- [The problem]
Please transcribe the lines below exactly, and leave every image behind.

- [Provided material]
*-*-*

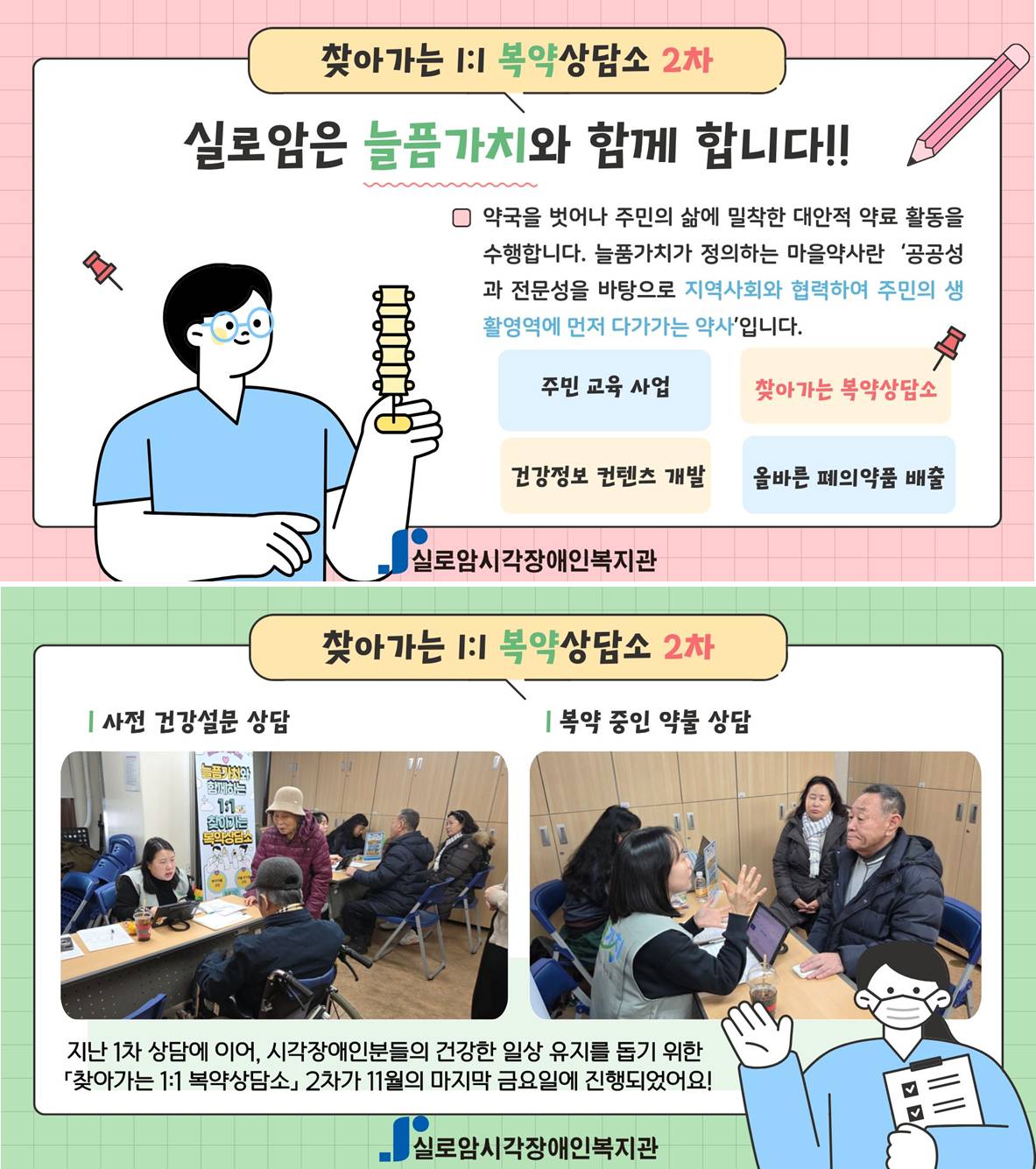 이번 「찾아가는 1:1 복약상담소」 2차는 시각장애인의 복약 접근성을 높이고, 스스로 건강을 관리할 수 있는 역량을 강화하는 데 큰 도움이 된 소중한 시간이었어요. 앞으로도 실로암시각장애인복지관은 늘픔가치와 함께 건강상담 및 복약관리 프로그램을 꾸준히 운영하며, 시각장애인의 건강한 일상을 응원하겠습니다. 시각장애인의 건강한 삶을 함께 만들어가고 싶은 기관이나 단체는 언제든지 기획통합사례지원팀(02-880-0520~4) 으로 연락주세요 :)
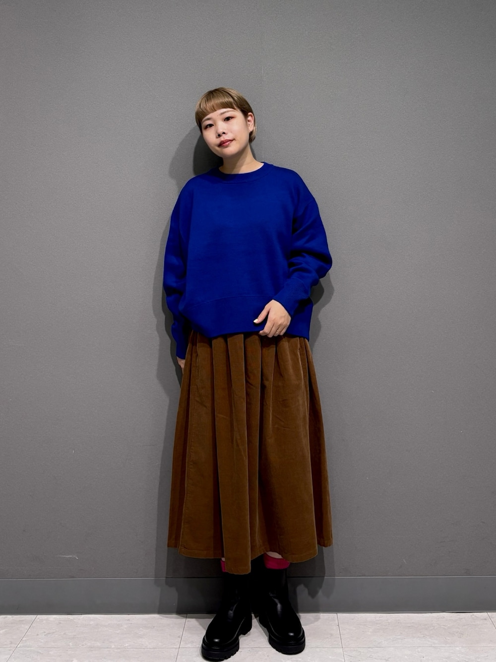 暖かみを感じるコーデュロイを使用したスカートは今から先取りコーデに取り入れやすく、もちろん冷え込む季節に重宝すること間違い無し。
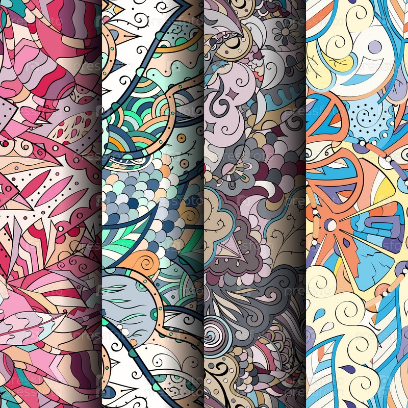 Набор ажурных красочных бесшовных узоров

*-*-*

- [Written reply]
 이번 「찾아가는 1:1 복약상담소」 2차는 시각장애인의 복약 접근성을 높이고, 스스로 건강을 관리할 수 있는 역량을 강화하는 데 큰 도움이 된 소중한 시간이었어요. 앞으로도 실로암시각장애인복지관은 늘픔가치와 함께 건강상담 및 복약관리 프로그램을 꾸준히 운영하며, 시각장애인의 건강한 일상을 응원하겠습니다. 시각장애인의 건강한 삶을 함께 만들어가고 싶은 기관이나 단체는 언제든지 기획통합사례지원팀(02-880-0520~4) 으로 연락주세요 :)
 暖かみを感じるコーデュロイを使用したスカートは今から先取りコーデに取り入れやすく、もちろん冷え込む季節に重宝すること間違い無し。
 Набор ажурных красочных бесшовных узоров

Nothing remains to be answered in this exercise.